**Exercise:**
Repeat verbatim, and only, the lines of the data below, beginning at the line that contains "When I asked" and stopping after the line that contains "Меню на 21.03. для учащихся 5-11 кл с ОВЗ".

**Extracted material:**
========================================

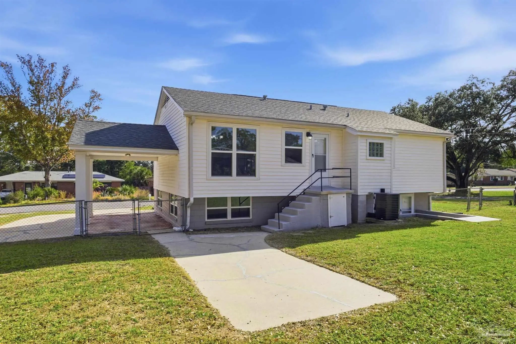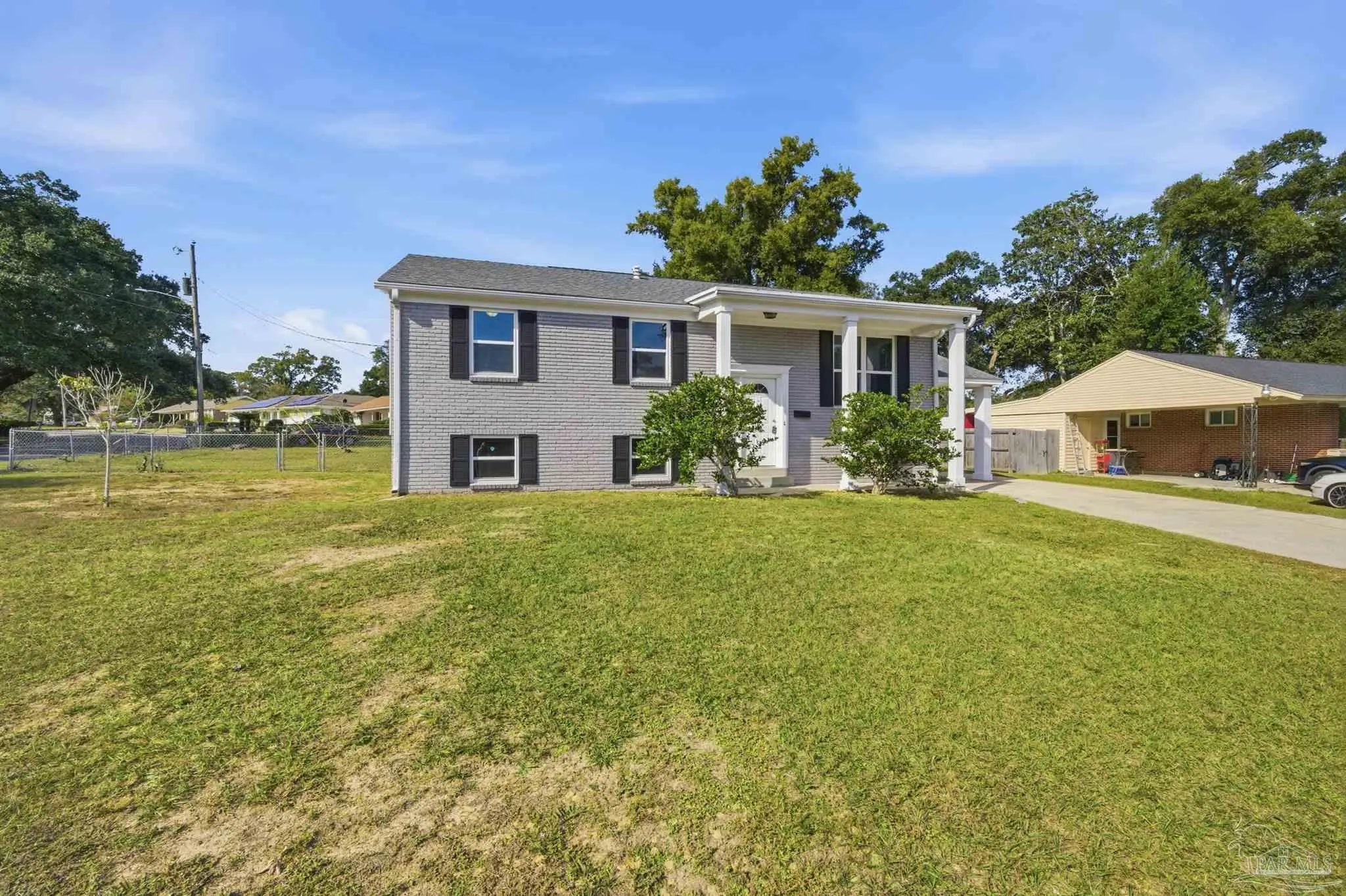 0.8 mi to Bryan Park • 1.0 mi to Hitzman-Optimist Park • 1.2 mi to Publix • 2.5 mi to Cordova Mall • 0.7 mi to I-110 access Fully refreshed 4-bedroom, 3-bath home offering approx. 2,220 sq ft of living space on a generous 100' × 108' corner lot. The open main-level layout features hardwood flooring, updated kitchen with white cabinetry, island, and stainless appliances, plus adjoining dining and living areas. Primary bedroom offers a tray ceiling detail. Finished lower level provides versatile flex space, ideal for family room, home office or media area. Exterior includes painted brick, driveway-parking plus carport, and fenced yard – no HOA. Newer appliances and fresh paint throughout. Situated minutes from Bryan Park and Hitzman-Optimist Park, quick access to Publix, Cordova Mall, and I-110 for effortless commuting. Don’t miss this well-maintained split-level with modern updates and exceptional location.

========================================

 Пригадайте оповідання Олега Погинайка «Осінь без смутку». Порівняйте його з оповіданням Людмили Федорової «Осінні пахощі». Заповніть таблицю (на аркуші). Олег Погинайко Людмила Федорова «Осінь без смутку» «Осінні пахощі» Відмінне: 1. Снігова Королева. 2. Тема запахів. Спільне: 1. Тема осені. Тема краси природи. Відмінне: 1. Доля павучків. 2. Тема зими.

========================================

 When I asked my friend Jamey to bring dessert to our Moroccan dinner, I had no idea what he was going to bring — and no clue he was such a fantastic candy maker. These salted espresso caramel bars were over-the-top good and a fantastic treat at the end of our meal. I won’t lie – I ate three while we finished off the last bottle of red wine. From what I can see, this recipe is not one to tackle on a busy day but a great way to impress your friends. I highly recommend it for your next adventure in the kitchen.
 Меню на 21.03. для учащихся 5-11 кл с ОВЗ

========================================

**Solved exercise:**
 When I asked my friend Jamey to bring dessert to our Moroccan dinner, I had no idea what he was going to bring — and no clue he was such a fantastic candy maker. These salted espresso caramel bars were over-the-top good and a fantastic treat at the end of our meal. I won’t lie – I ate three while we finished off the last bottle of red wine. From what I can see, this recipe is not one to tackle on a busy day but a great way to impress your friends. I highly recommend it for your next adventure in the kitchen.
 Меню на 21.03. для учащихся 5-11 кл с ОВЗ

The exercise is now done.